The only things missing from this clean, airtight, entirely consistent argument are, well, all the dead babies in the Gosnell clinic — or the dead “precipitated fetuses,” to employ the language Gosnell and his associates used to euphemize their practice of delivering and then “snipping” rather than aborting in utero. Their absence is not necessarily a problem if you’re willing to argue that those babies were non-persons before delivery and became persons immediately after (in which case Gosnell is guilty of infanticide but a more competent late-term abortion facility wouldn’t be), or if you’re willing to argue, with Peter Singer and some others, that personhood is something that emerges gradually at some indeterminate time after birth (in which case Gosnell’s “snipping” wasn’t murder at all). The former, I think, is the more common form of pro-choice absolutism, and the latter belongs to the more philosophically-inclined fringe (although the debate over “born-alive” bills has moved the official consensus fringeward). But if you’re already committed to absolute support for abortion rights, either argument will suffice to justify treating Gosnell’s conduct as irrelevant to the broader abortion controversy.

What neither argument seems likely to do, however, is do much to persuade the many, many “pro-choice but …” people who aren’t already so committed, and whose support for abortion rights tends to waver most when they’re confronted with the reality of what abortion actually does to fetal life — in clean, well-funded facilities as well as filthy ones, and in the womb as much as on Gosnell’s operating tables. This is, of course, the central reason why the pro-life side assumes that mainstream reporters didn’t particularly want to cover the trial: Because the mainstream press leans pro-choice, because mainstream journalism is pitched to readers in the mushy middle on abortion, and because the practice of “after-birth abortion” makes fetal humanity manifest in ways that almost inevitably push that middle in a more pro-life direction.

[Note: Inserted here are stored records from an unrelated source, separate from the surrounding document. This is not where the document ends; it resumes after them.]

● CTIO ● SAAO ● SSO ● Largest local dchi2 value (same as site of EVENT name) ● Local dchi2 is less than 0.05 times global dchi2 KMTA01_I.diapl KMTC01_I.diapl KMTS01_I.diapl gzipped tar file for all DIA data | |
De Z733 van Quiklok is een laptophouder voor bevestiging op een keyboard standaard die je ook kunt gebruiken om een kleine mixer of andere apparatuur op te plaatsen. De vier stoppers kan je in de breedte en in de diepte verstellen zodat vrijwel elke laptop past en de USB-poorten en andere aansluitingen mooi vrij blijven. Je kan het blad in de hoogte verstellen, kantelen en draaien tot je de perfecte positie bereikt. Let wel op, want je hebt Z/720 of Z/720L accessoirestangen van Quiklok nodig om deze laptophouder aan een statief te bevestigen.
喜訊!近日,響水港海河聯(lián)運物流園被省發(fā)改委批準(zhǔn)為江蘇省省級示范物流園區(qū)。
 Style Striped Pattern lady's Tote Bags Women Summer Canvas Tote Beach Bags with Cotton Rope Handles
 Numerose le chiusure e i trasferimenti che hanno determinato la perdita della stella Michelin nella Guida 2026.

And it’s this reality that the pro-choice commentary on the case, with its focus on making these procedures safer and more accessible (and keeping them in utero), has a very hard time addressing. If you’re one of the 28 percent of Americans who believe that abortion should be legal in all circumstances (or, to take a more specific Gallup question, one of the 14 percent who think that “all circumstances” should include the third trimester), then Carmon’s points, or Yglesias’s, will tend to confirm you in that position. But if you’re a typically-conflicted American — the kind of person for whom stories about neonates gasping for breath before their spines get severed makes you question whether abortion isn’t murder after all — then the insistence that Gosnell case just reveals the advantages of an “above-board competitive marketplace” in late-term abortion isn’t really much of a response.

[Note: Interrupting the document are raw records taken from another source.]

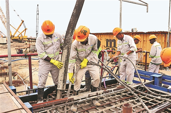 在贝宁科托努的科托努自治港5号码头施工现场,工人对5号码头首段胸墙做混凝土浇筑。新华社记者 司源 摄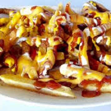 Papas a la francesa con aderezo ranch, queso chezzewhiz, salsa bbq, salsa mango habanero
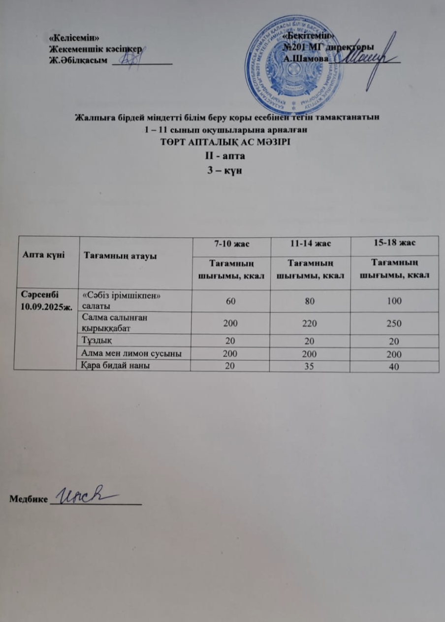 10 сентябрь 2025 0 1 2 3 4 5 Жалпыға бірдей міндетті білім беру қоры есебінен тегін тамақтанатын 1-11 сынып оқушыларына арналған ас мәзірі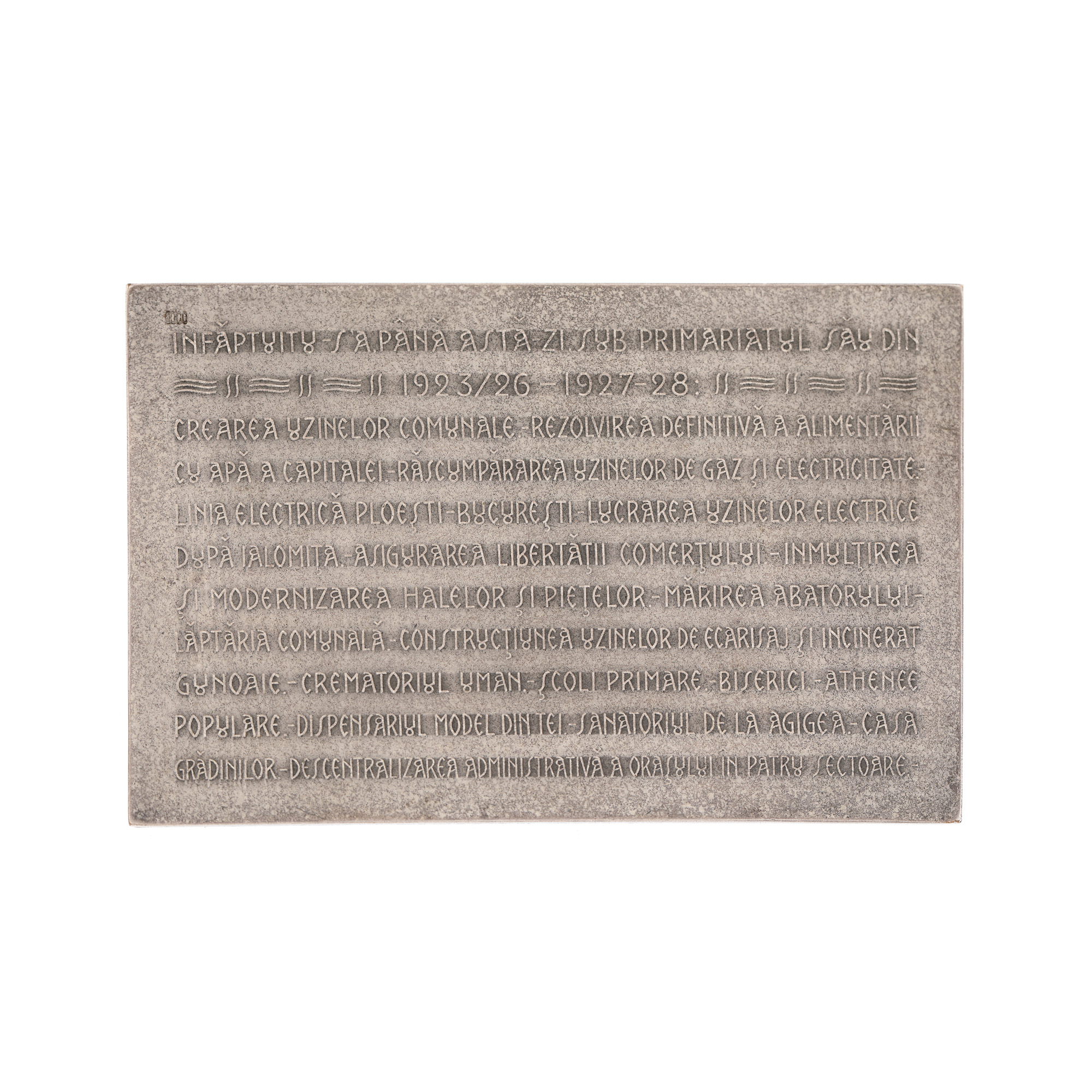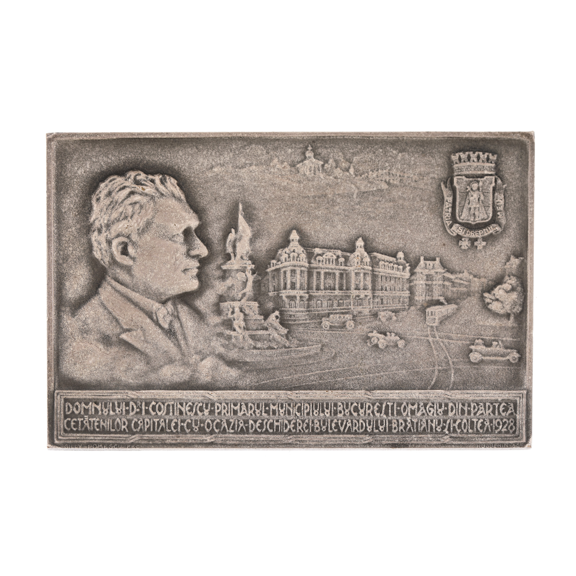 182. Plachetă omagială dedicată primarului Bucureștilor, dr. Ioan E. Costinescu, cu ocazia inaugurării bulevardelor I.C. Brătianu și Colțea, 1928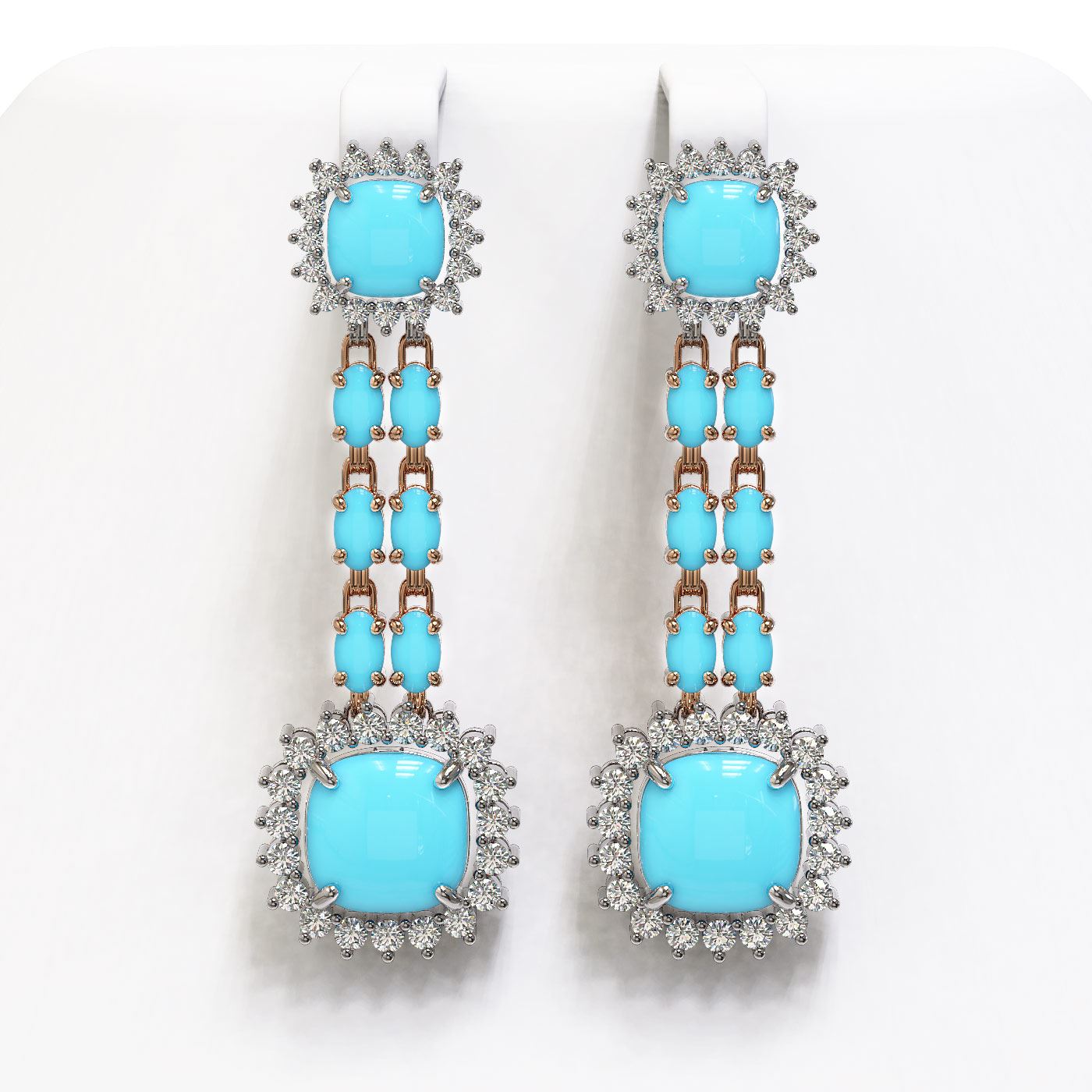 SKU: 44961 ---- 16.04 ctw Turquoise & Diamond Earrings 14K Rose Gold

Which brings us back to that Senior essay, because I think what you’re seeing from the pro-choice side of the Gosnell debate is exactly the dilemma she describes. To respond effectively to the doubts about abortion that fetal snipping summons up, pro-choice advocates would need arguments that (to rephrase Senior’s language) acknowledge and come to terms with the goriness of third-trimester abortions while simultaneously persuading the conflicted and uncommitted of their validity, and that somehow take ownership of the “violence” and “gruesomeness” of abortion (to borrow Harris’s words) without giving aid and comfort to the pro-life cause. And in the absence of such arguments, the pro-choice response to Gosnell feels either evasive and euphemistic, or else logically consistent in ways that tend to horrify the unconvinced — and in either case, inadequate to the challenge his case presents to the cause of abortion rights.

But of course it’s possible that those arguments are absent because they simply don’t exist.